Piazzolla Live, new material
Live recordings of new material
Concierto para bandoneon & Tres Tangos for bandoneon and orchestra performed with the Orchestra of St. Luke's. This CD is available on Electra/Nonesuch (the same label as Kronos Quartet), and like Tango: Zero Hour (another Nonesuch release) is of very high quality. Most of the "classical" recordings of Piazzolla are take-offs on his Tangos, and are performed in the old "schmaltzy" classical style (tons of vibrato on the violins, feels like a 50's movie soundtrack) rather than the drier contemporary form I'm used to (and prefer). These pieces, however, are composed by Piazzolla, and he plays them with the orchestra.
Excerpts from the liner notes:
Piazzolla's Concierto para bandoneon, commissioned by the Banco Provincia de Buenos Aires for a 1979 radio broadcast, resembles a baroque concerto grosso (cf. the back-to-Bach music of Stravinsky or Villa Lobos). It opens with a tutti, all business, brisk and marcato. The bandoneon takes a solo whose melody passes back to the orchestral tutti. More cantabile work by the soloist eventually leads to an interrupted cadenza, then a return of the first melodic solo and tutti. The code is deciso--decisve. Built on drive and repetition, the entire movement barely moves a hair's breadth from its B minor tonality.

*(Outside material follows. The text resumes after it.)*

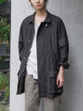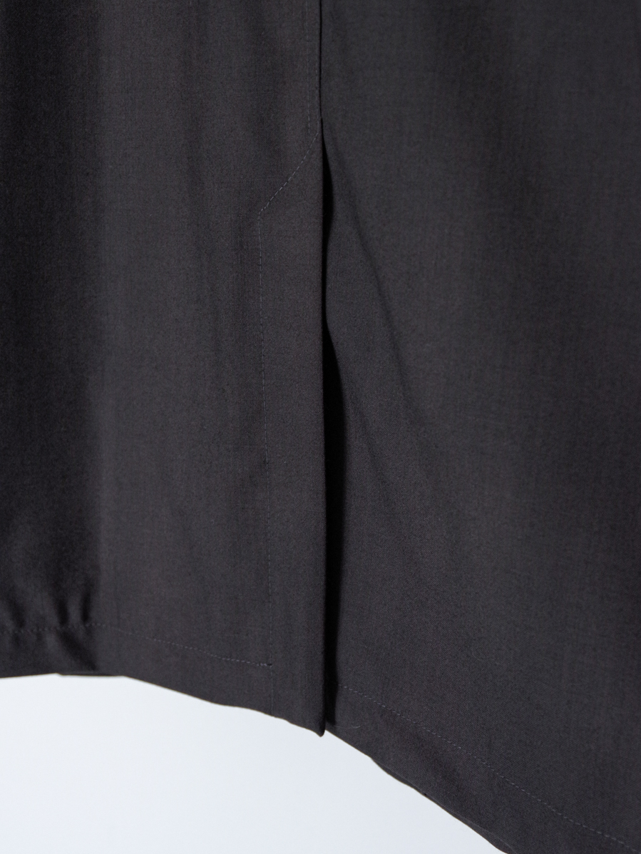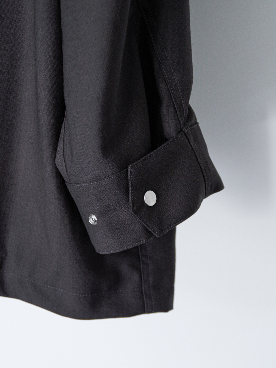 Designed with a longer length than a traditional coverall, the half-coat silhouette gives it a strong presence as outerwear while maintaining a light feel. Made from summer wool, the fabric carries an airy quality that moves gently with the breeze, creating a seasonal and refined look.

The concerto's slow movemement begins with a long unaccompanied bandoneon melody in the finest "Bachianos argentiensis" style. For the first time we even get something like a traditional tango rhythm in the accompaniment. The finale, a rhythm Presto, alternates tonalities--driving A minor, graceful F-sharp minor--as well as a tutti and solo in approved concerto grosso fashion. At the very end, the tempo changes to moderato and the key to A major for an unexpected passionate "Melancolica final." The breathtaking bandoneon melody, apparently unrelated to anything previously heard, nonetheless seems a logical outcome. Thirteen two-bar repetitions, pp to ffff, furnishing a powerful close.

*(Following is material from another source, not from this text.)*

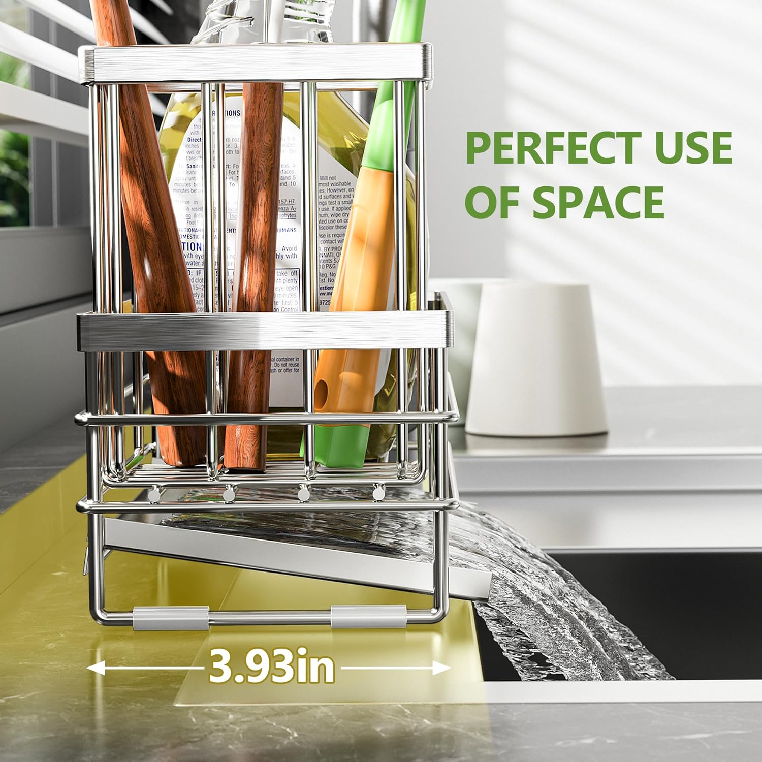 - STURDY MATERIAL: Constructed from premium stainless steel, this kitchen organizer resists humidity, providing long-term use without rusting. It's easy to clean with a quick rinse. Additionally, the sponge holder's exceptional durability prevents bending or warping, making it one of the dependable kitchen accessories in your kitchen.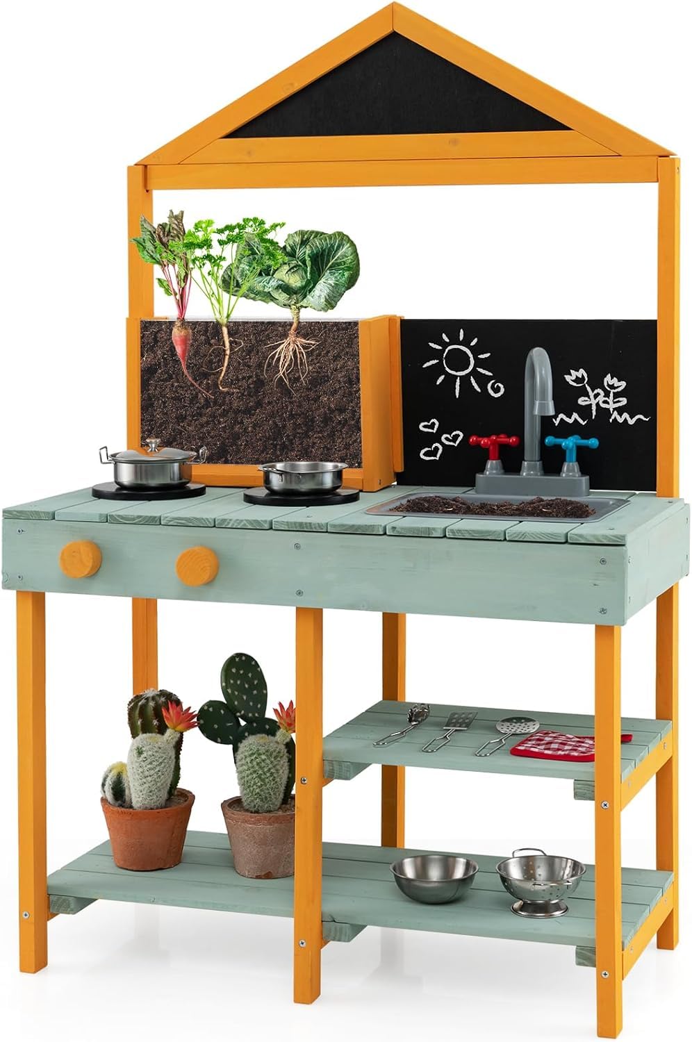 - Robusto telaio in legno di abete: la cucina per fanghi da esterno è realizzata in legno di abete di alta qualità, che la rende stabile e abbastanza resistente da accompagnare i bambini per molti anni.

Piazzolla's score of Shakespeare's Songe D'Une Nuit D'Ete (Midsummer Night's Dream) is a real find. This CD is fairly difficult to locate in the US, as it is an import on the "Milan Sur" label. Piazzolla wrote this music for the Comedie Francaise's performance of Shakespeare's play. The recording is of excellent sound quality. One caveat: two songs feature french male singing. If this sort of thing really turns you off, you might not like the CD. However, if you can stand the four or five minutes of singing (or even like it!) then this CD is for you. Note that Piazzolla does not play on this recording: the "Ensemble Paris Tango" does the performing.
Recorded live at the Montreux Jazz festival in Canada, The New Tango: Astor Piazzolla & Gary Burton play Piazzolla's Suite for Vibraphone and New Tango Quintet. If you like the sound of the vibraphone and prefer your Tango with a jazzy touch, then you'll like this CD. Personnally, I'm not crazy about it, because the vibraphone lacks the dynamics to be subtle. I much prefer mallet instruments in the works of Steve Reich, where the instrument's mathematical precision is put to good use. The last few songs on this CD don't have any vibraphone playing, and those are the ones I prefer.
This low-quality cover and generically named CD fooled me into thinking this was a bad Piazzolla live recording. Nothing could be further from the truth! Piazzolla's Tango features Piazzolla playing at the Inernational Festival for Guitar (Belgium). The first piece is a nice orchestral version of Adios Nonino, followed by the 15 minute Concerto for Bandoneon and Guitar.
La Historia del Tango, volumes 1 and 2 are what you would expect: decently recorded and well performed versions of classic tangos. Piazzolla did not write any of these, but he does perform them.
Unfortunately, the recording quality of Grandes Exitos prevents me from recommending it. The entire recording is overloaded and distorts throughout. It just isn't listenable.